= Grade II* listed buildings in Cambridge =

There are 51 Grade II* listed buildings in Cambridge, England. In the United Kingdom, a listed building is a building or structure of special historical or architectural importance. These buildings are legally protected from demolition, as well as from any extensions or alterations that would adversely affect the building's character or destroy historic features.
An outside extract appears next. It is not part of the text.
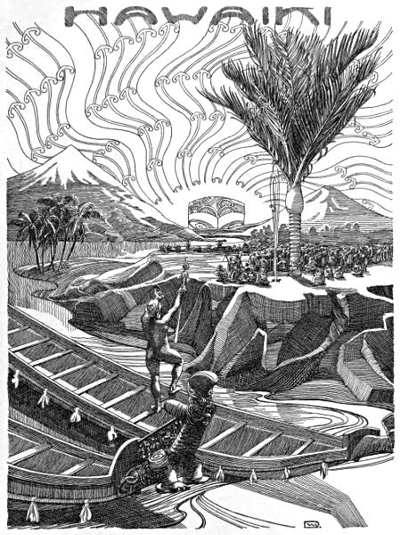 A long double sailing-canoe, with a connecting platform and a thatched deck-house amidships, put off one day long ago into the Great Ocean of Kiwa from the palm-clad shores of Tahiti the Golden, in the far South Seas. A multitude of brown people stood on the shining beach, with loud cries bidding farewell to the brave band of kinsmen who were adventuring into the vast unknown places in search of a new and wider land. In their midst, leaning on his staff, was the patriarchal chief Hou-mai-tawhiti. Bent by the weight of years was the ancient man, and his long white beard swept his breast. And as the canoe-paddles took the water and she gathered way, a voice of Hou’ was heard crying his poroporoaki, his farewell to the crew. “Go! Go! Depart to your new land. Leave war and strife behind you. Follow not after the God of War; hold to the deeds of Rongo the Peaceful. Haere! Haere! Haere atu ra!”

Listed buildings in England are divided into three categories—Grade II buildings are buildings of special interest; Grade II* buildings are buildings of particular importance; and Grade I buildings, which are those of "exceptional" interest. Around four per cent of listed buildings are given Grade II* status.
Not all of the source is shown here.